Name Type Description Default
experiment_id str

ID of the experiment this job belongs to.

required
fa_id str

Unique identifier for this FA job.

required
federated_dataset FederatedDataSet

Federated dataset mapping node IDs to dataset metadata.

required
stats_args Optional[dict]

Keyword arguments passed to the statistics functions.

required
stats Optional[list]

List of statistic names to compute.

required
dataset_schema Optional[list]

Optional schema descriptor used to validate the dataset.

required
**kwargs

Forwarded to the base Job constructor.

{}
Source code in fedbiomed/researcher/federated_workflows/jobs/_fa_request_job.py
def __init__(
    self,
    experiment_id: str,
    fa_id: str,
    federated_dataset: FederatedDataSet,
    stats_args: Optional[dict],
    stats: Optional[list],
    dataset_schema: Optional[list],
    **kwargs,
) -> None:
    """Initialize the FARequestJob.

    Args:
        experiment_id: ID of the experiment this job belongs to.
        fa_id: Unique identifier for this FA job.
        federated_dataset: Federated dataset mapping node IDs to dataset metadata.
        stats_args: Keyword arguments passed to the statistics functions.
        stats: List of statistic names to compute.
        dataset_schema: Optional schema descriptor used to validate the dataset.
        **kwargs: Forwarded to the base `Job` constructor.
    """
    super().__init__(**kwargs)

    # Validate that exactly one stats specification is provided and that schema is not mixed with stats_args.
    if not stats and not stats_args:
        raise FedbiomedError(
            "At least one of 'stats' or 'stats_args' must be provided."
        )
    if stats_args and stats:
        raise FedbiomedError(
            "'stats_args' and 'stats' are mutually exclusive. "
            "Use 'stats_args' for fine-grained control or 'stats' for a flat list."
        )
    if stats_args and dataset_schema is not None:
        raise FedbiomedError(
            "'stats_args' and 'dataset_schema' are mutually exclusive. "
            "Schema selection is encoded in the structure of 'stats_args'."
        )

    self._experiment_id = experiment_id
    self._fa_id = fa_id
    self._federated_dataset = federated_dataset
    self._stats_args = stats_args
    self._dataset_schema = dataset_schema
    self._stats = stats

Functions

execute
execute()

Send the FA request to all nodes and collect replies.

Raises:

Type Description
FedbiomedError

If any node returns an error, or if no replies are received.

Returns:

Type Description
Dict[str, FAReply]

A dictionary mapping node IDs to their FAReply.

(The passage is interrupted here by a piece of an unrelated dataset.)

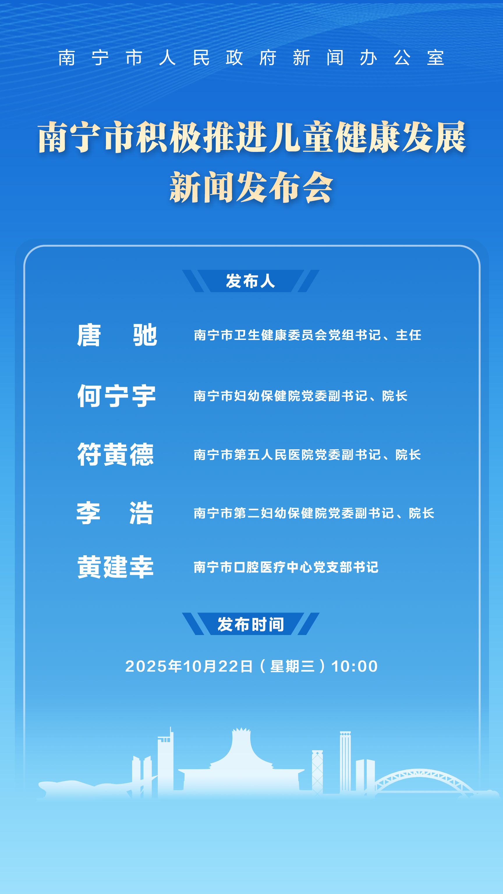 南宁市政府新闻办将于2025年10月22日(星期三)10:00举行南宁市积极推进儿童健康发展新闻发布会,邀请南宁市卫生健康委员会党组书记、主任唐驰,南宁市妇幼保健院党委副书记、院长何宁宇,南宁市第五人民医院党委副书记、院长符黄德,南宁市第二妇幼保健院党委副书记、院长李浩,南宁市口腔医疗中心党支部书记黄建幸介绍南宁市推进儿童健康发展方面的相关情况,并回答记者提问。
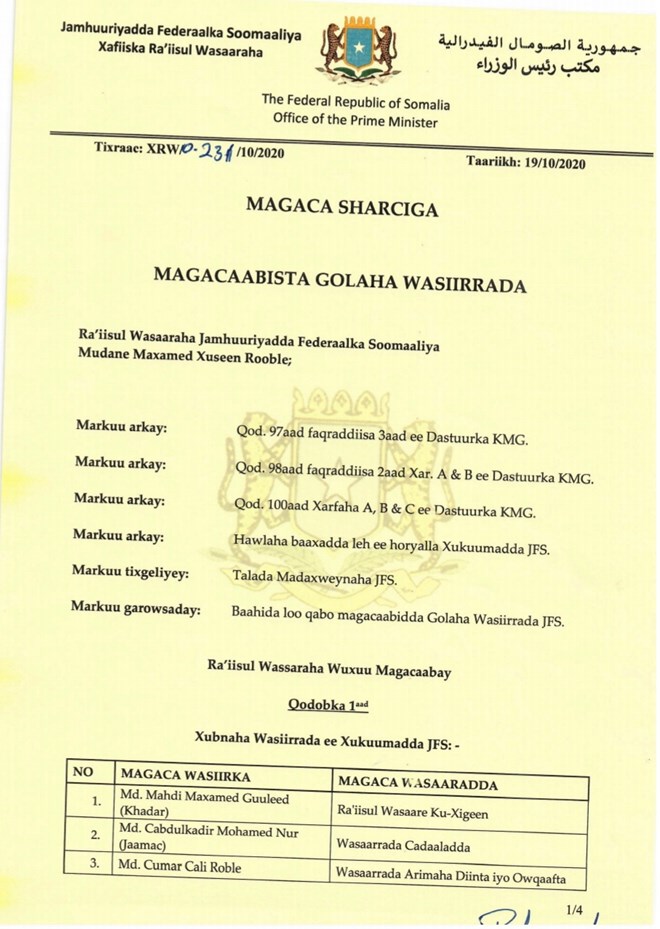 Isniin, October 19, 2020 (HOL) - Raysal wasaaraha Soomaaliya Maxamed Xuseen Rooble ayaa caawa magacaabay golaha wasiiradda xukuumada Soomaaliya, kuwaas oo intooda badan ah wasiiradda xukuumadii hore Ee Kheyre.

Source code in fedbiomed/researcher/federated_workflows/jobs/_fa_request_job.py
def execute(self) -> Dict[str, FAReply]:
    """Send the FA request to all nodes and collect replies.

    Raises:
        FedbiomedError: If any node returns an error, or if no replies are received.

    Returns:
        A dictionary mapping node IDs to their `FAReply`.
    """
    fa_request = dict(
        researcher_id=self._researcher_id,
        experiment_id=self._experiment_id,
        stats=self._stats,
        fa_id=self._fa_id,
        stats_args=self._stats_args,
        dataset_schema=self._dataset_schema,
    )

    requests = MessagesByNode()
    for node in self._nodes:
        requests[node] = FARequest(
            **{
                **fa_request,
                "dataset_id": self._federated_dataset.data()[node]["dataset_id"],
            }
        )

    with self._reqs.send(requests, self._nodes, self._policies) as responses:
        errors: Dict[str, ErrorMessage] = responses.errors()
        replies: Dict[str, FAReply] = responses.replies()

    if errors:
        # Log errors encountered during the execution of the FA request
        for node_id, error in errors.items():
            logger.error(
                f"Node {node_id} analytics error [{error.errnum}]: {error.extra_msg}"
            )
        # Treat any node error as fatal
        raise FedbiomedError(
            f"FA request execution failed with errors from nodes: {', '.join(errors.keys())}"
        )

    # Ensure there is at least one successful reply
    if not replies:
        raise FedbiomedError("No successful replies received.")

    return replies

Job

Job(*, researcher_id, requests, nodes)

Bases: ABC

Job represents a task to be executed on the node.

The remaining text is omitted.